An Exercise to Build Intuitions on AGI Risk

By Lauro Langosco @ 2023-06-08T11:20 (+4)

This is a linkpost to https://www.alignmentforum.org/posts/uKujHaJd2ckAKAevo/an-exercise-to-build-intuitions-on-agi-risk

Epistemic status: confident that the underlying idea is useful; less confident about the details, though they're straightforward enough that I expect they're mostly in the right direction.

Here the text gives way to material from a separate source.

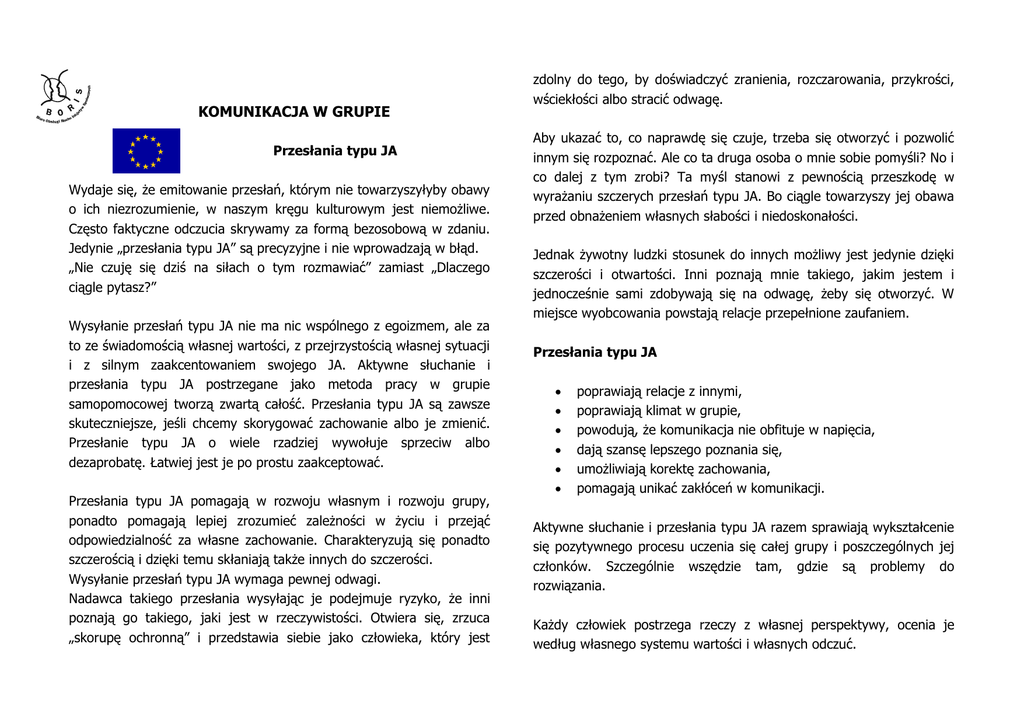 KOMUNIKACJA W GRUPIE Przesłania typu JA Wydaje się, że emitowanie przesłań, którym nie towarzyszyłyby obawy o ich niezrozumienie, w naszym kręgu kulturowym jest niemożliwe. Często faktyczne odczucia skrywamy za formą bezosobową w zdaniu. Jedynie „przesłania typu JA” są precyzyjne i nie wprowadzają w błąd. „Nie czuję się dziś na siłach o tym rozmawiać” zamiast „Dlaczego ciągle pytasz?” Wysyłanie przesłań typu JA nie ma nic wspólnego z egoizmem, ale za to ze świadomością własnej wartości, z przejrzystością własnej sytuacji i z silnym zaakcentowaniem swojego JA. Aktywne słuchanie i przesłania typu JA postrzegane jako metoda pracy w grupie samopomocowej tworzą zwartą całość. Przesłania typu JA są zawsze skuteczniejsze, jeśli chcemy skorygować zachowanie albo je zmienić. Przesłanie typu JA o wiele rzadziej wywołuje sprzeciw albo dezaprobatę. Łatwiej jest je po prostu zaakceptować. Przesłania typu JA pomagają w rozwoju własnym i rozwoju grupy, ponadto pomagają lepiej zrozumieć zależności w życiu i przejąć odpowiedzialność za własne zachowanie. Charakteryzują się ponadto szczerością i dzięki temu skłaniają także innych do szczerości. Wysyłanie przesłań typu JA wymaga pewnej odwagi. Nadawca takiego przesłania wysyłając je podejmuje ryzyko, że inni poznają go takiego, jaki jest w rzeczywistości. Otwiera się, zrzuca „skorupę ochronną” i przedstawia siebie jako człowieka, który jest zdolny do tego, by doświadczyć zranienia, rozczarowania, przykrości, wściekłości albo stracić odwagę. Aby ukazać to, co naprawdę się czuje, trzeba się otworzyć i pozwolić innym się rozpoznać. Ale co ta druga osoba o mnie sobie pomyśli? No i co dalej z tym zrobi? Ta myśl stanowi z pewnością przeszkodę w wyrażaniu szczerych przesłań typu JA. Bo ciągle towarzyszy jej obawa przed obnażeniem własnych słabości i niedoskonałości. Jednak żywotny ludzki stosunek do innych możliwy jest jedynie dzięki szczerości i otwartości. Inni poznają mnie takiego, jakim jestem i jednocześnie sami zdobywają się na odwagę, żeby się otworzyć. W miejsce wyobcowania powstają relacje przepełnione zaufaniem. Przesłania typu JA poprawiają relacje z innymi, poprawiają klimat w grupie, powodują, że komunikacja nie obfituje w napięcia, dają szansę lepszego poznania się, umożliwiają korektę zachowania, pomagają unikać zakłóceń w komunikacji. Aktywne słuchanie i przesłania typu JA razem sprawiają wykształcenie się pozytywnego procesu uczenia się całej grupy i poszczególnych jej członków. Szczególnie wszędzie tam, gdzie są problemy do rozwiązania. Każdy człowiek postrzega rzeczy z własnej perspektywy, ocenia je według własnego systemu wartości i własnych odczuć. Przesłania typu JA odnoszą się do własnej osoby i zaczynają się od „Ja ...”, „Wydaje mi się, że ...”. Na plan pierwszy wysuwa się tutaj punkt widzenia mówiącego. Zaletą przesłań typu JA jest z reguły akceptacja ich ze strony słuchającego, ponieważ stanowią one subiektywne wypowiedzi. Rozmówca może przedłożyć własny punkty widzenia i zasadniczo nie musi im się przeciwstawiać. Zwłaszcza w trudnych rozmowach przesłania te stają się bardzo pomocne, ponieważ stawiają w centrum wypowiedzi własne odczucia. W trakcie rozmów w grupach tego typu przesłania pozwalają wplatać w dialog różne perspektywy myślenia i różne zdania, które w tym momencie zyskują tę samą wartość. Jeśli rozmowa przebiega ciężko, za pomocą przesłania typu JA możesz poinformować swojego rozmówcę o tym, jak tę sytuację postrzegasz i jakie odczucia rodzą się u ciebie w związku z tym. Dowiaduje się on przy okazji, jakie odczucia czy myśli wywołuje u ciebie jego zachowanie albo wypowiedzi. Uświadamia sobie wówczas, że osoba naprzeciwko to człowiek z krwi i kości, niepozbawiony uczuć i mający własne potrzeby. Charakterystyczne dla przesłań typu JA są następujące oznaki: wyrażanie się w pierwszej osobie liczby pojedynczej, unikanie sformułowań w drugiej i trzeciej osobie liczby pojedynczej, także unikanie wypowiedzi w formie bezosobowej, bezpośrednie wyrażanie obserwacji albo życzeń. Istotę tych przesłań stanowią własne doznania. Opisują one ponadto sposób, w jaki odebrano zachowanie innych osób oraz jakie ewentualnie może to pociągnąć za sobą konsekwencje. Formułowanie przesłań typu JA Przesłania te formułowane są zazwyczaj w taki sposób, że zawierają zaimek „ja”. Jak widać na poniższych przykładach, przekazują informacje o tym, jak rozmówca odbiera aktualną sytuację, a także często równocześnie zawierają uzasadnienie takiego stanu: „Jestem już troszkę niecierpliwy (doznanie), bo od 15 minut nasza rozmowa toczy się ciągle wokół tego samego punktu (przyczyna).” „Czuję się przytłoczony przez ciebie (doznanie), bo dajesz mi takie krótkie terminy (przyczyna).” „Cieszę się (doznanie), że pozyskałeś tę osobę do naszej grupy (przyczyna).” Wykorzystywanie przesłań typu JA w rozmowach w grupie Przedstawiasz swój aktualny i jasny wizerunek jako człowieka. Inni członkowie grupy mają dokładniejsze zdanie o tobie. Łatwiej możesz poruszyć w rozmowie drażniące aspekty. Także łatwiej przychodzi poruszanie tematów dotyczących emocji i życzeń. Członkowie grupy otrzymują reakcje zwrotną o tym, jak ich zachowanie na ciebie wpływa. Krytykę i korekty można wyrażać ostrożniej. W dialogu łatwiej zaakceptować zróżnicowane punkty widzenia. Ludziom w ten sposób przychodzi łatwiej akceptowanie oceny swojego zachowania. Przesłania typu TY Poniższy przykład przybliża różnicę pomiędzy przesłaniem typu JA a przesłaniem typu TY: Przesłanie typu TY: „Ty w ogóle mnie nie słuchałeś.” Przesłanie typu JA: „Mam wrażenie, że mnie w ogóle nie słuchałeś.” Przesłania typu TY o

TLDR: This post describes a pre-mortem-like exercise that I find useful for thinking about AGI risk. It is the only way I know of to train big-picture intuitions about what solution attempts are more or less promising and what the hard parts of the problem are. The (simple) idea is to iterate between constructing safety proposals ('builder step') and looking for critical flaws in a proposal ('breaker step').

Introduction

The way that scientists-in-training usually develop research taste is to smash their heads against reality until they have good intuitions about things like which methods tend to work, how to interpret experimental results, or when to trust their proof of a theorem. This important feedback loop is mostly absent in AGI safety research, since we study a technology that does not exist yet (AGI). As a result, it is hard to develop a good understanding of which avenues of research are most promising and what the hard bits of the problem even are.[1]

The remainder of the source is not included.